Task description: Leaving the pictures aside, repeat every line below exactly.

Supplied information:
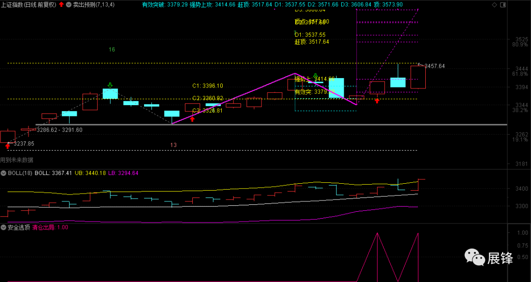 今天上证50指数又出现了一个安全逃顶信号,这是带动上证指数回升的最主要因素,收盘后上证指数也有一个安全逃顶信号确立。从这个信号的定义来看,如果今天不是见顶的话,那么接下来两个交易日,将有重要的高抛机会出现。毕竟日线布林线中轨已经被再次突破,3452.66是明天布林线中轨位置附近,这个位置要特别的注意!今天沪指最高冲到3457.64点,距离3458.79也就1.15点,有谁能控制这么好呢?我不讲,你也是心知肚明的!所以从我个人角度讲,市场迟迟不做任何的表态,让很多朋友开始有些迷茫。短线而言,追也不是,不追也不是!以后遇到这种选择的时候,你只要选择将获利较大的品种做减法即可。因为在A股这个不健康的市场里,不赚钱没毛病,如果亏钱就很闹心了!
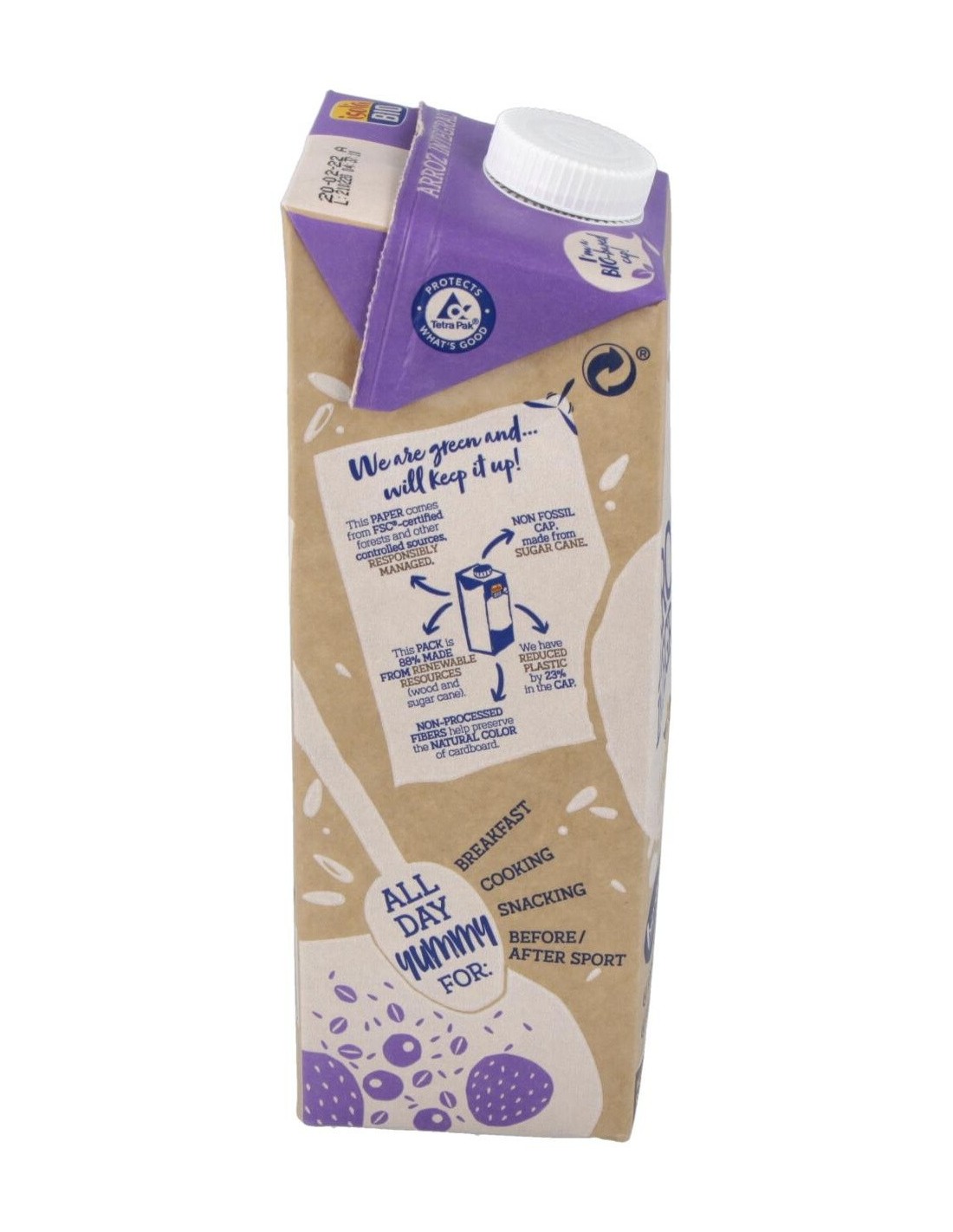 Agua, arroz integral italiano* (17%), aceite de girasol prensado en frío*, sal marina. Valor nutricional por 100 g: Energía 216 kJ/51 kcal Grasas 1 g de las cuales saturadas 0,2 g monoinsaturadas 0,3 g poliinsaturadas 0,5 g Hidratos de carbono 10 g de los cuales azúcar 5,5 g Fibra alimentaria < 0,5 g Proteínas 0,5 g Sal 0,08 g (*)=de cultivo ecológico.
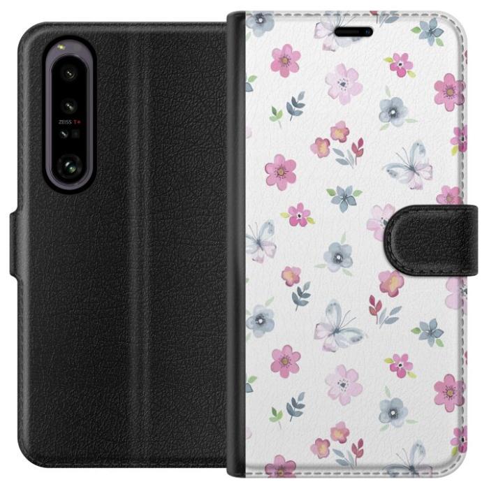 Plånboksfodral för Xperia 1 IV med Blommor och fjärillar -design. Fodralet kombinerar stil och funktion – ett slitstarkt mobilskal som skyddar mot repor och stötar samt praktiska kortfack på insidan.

Response box:
 今天上证50指数又出现了一个安全逃顶信号,这是带动上证指数回升的最主要因素,收盘后上证指数也有一个安全逃顶信号确立。从这个信号的定义来看,如果今天不是见顶的话,那么接下来两个交易日,将有重要的高抛机会出现。毕竟日线布林线中轨已经被再次突破,3452.66是明天布林线中轨位置附近,这个位置要特别的注意!今天沪指最高冲到3457.64点,距离3458.79也就1.15点,有谁能控制这么好呢?我不讲,你也是心知肚明的!所以从我个人角度讲,市场迟迟不做任何的表态,让很多朋友开始有些迷茫。短线而言,追也不是,不追也不是!以后遇到这种选择的时候,你只要选择将获利较大的品种做减法即可。因为在A股这个不健康的市场里,不赚钱没毛病,如果亏钱就很闹心了!
 Agua, arroz integral italiano* (17%), aceite de girasol prensado en frío*, sal marina. Valor nutricional por 100 g: Energía 216 kJ/51 kcal Grasas 1 g de las cuales saturadas 0,2 g monoinsaturadas 0,3 g poliinsaturadas 0,5 g Hidratos de carbono 10 g de los cuales azúcar 5,5 g Fibra alimentaria < 0,5 g Proteínas 0,5 g Sal 0,08 g (*)=de cultivo ecológico.
 Plånboksfodral för Xperia 1 IV med Blommor och fjärillar -design. Fodralet kombinerar stil och funktion – ett slitstarkt mobilskal som skyddar mot repor och stötar samt praktiska kortfack på insidan.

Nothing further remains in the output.